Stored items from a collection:
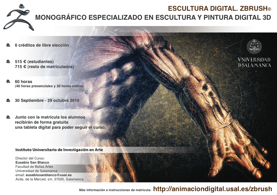 Para los que estéis cerca de Salamanca y os interesa os dejo el enlace. Es un curso de ZBrush que imparto en la universidad de Salamanca. http://animacióndigital, usal.es/ima...ursozbrush.pdf. Un saludo.
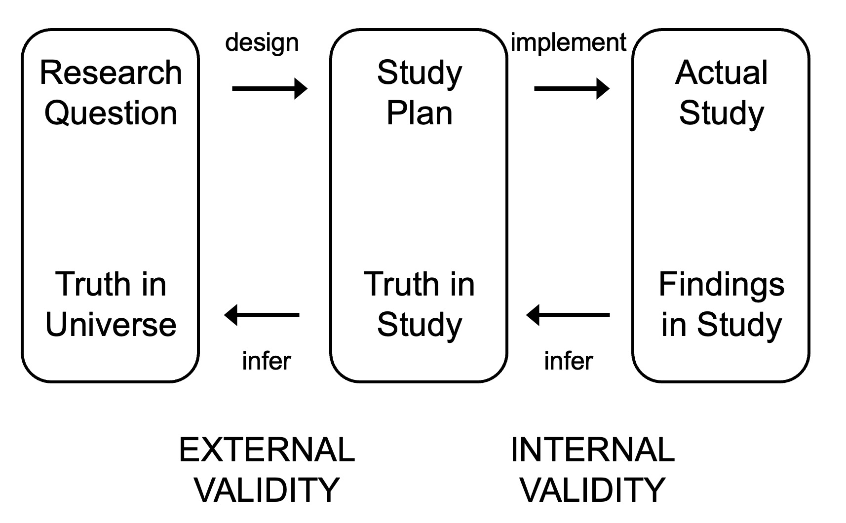 - Do measurements correspond to constructs of interest (are we studying what we intended)?
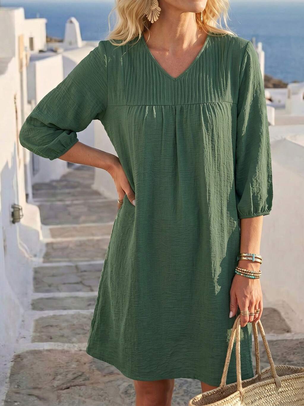 Damen einfarbiges V-Ausschnitt plissiertes lässiges minimalistisches Urlaubssommer Kleid
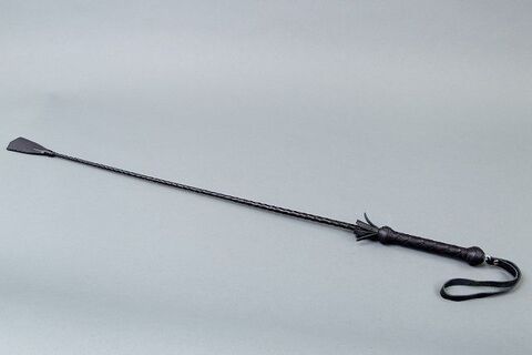 Стек состоит из гибкой основы, оплетённой натуральной кожей черного цвета,наконечника и удобной рукояти с петлей для надевания на руку (темляк).
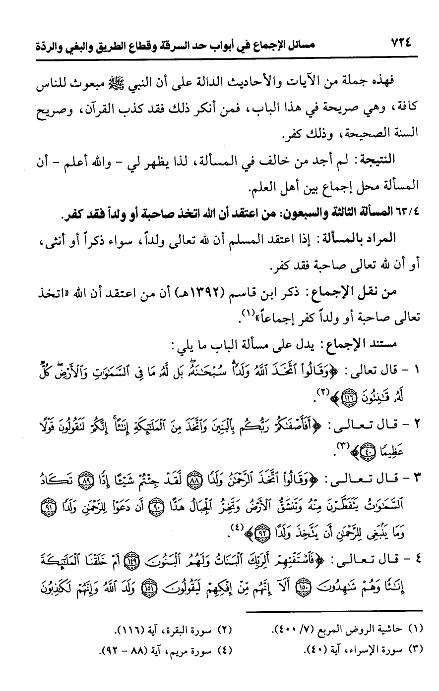 • من نقل الإجماع: ذكر ابن قاسم (1392 هـ) أن من اعتقد أن اللَّه "اتخذ تعالى صاحبة أو ولدًا كفر إجماعًا" (¬1).
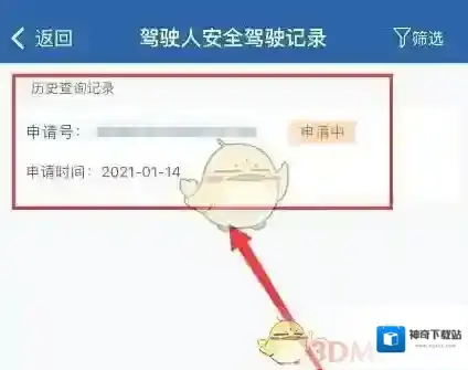 5、回到驾驶人安全驾驶记录界面,在界面中显示“申请中”。等待系统自动生成完成后,即可查看。如图:

THE TASK: Repeat verbatim the lines between the start of the data and the line containing "- Do measurements", both ends included, omitting all pictures.

RESULT FOR THIS TASK:
 Para los que estéis cerca de Salamanca y os interesa os dejo el enlace. Es un curso de ZBrush que imparto en la universidad de Salamanca. http://animacióndigital, usal.es/ima...ursozbrush.pdf. Un saludo.
 - Do measurements correspond to constructs of interest (are we studying what we intended)?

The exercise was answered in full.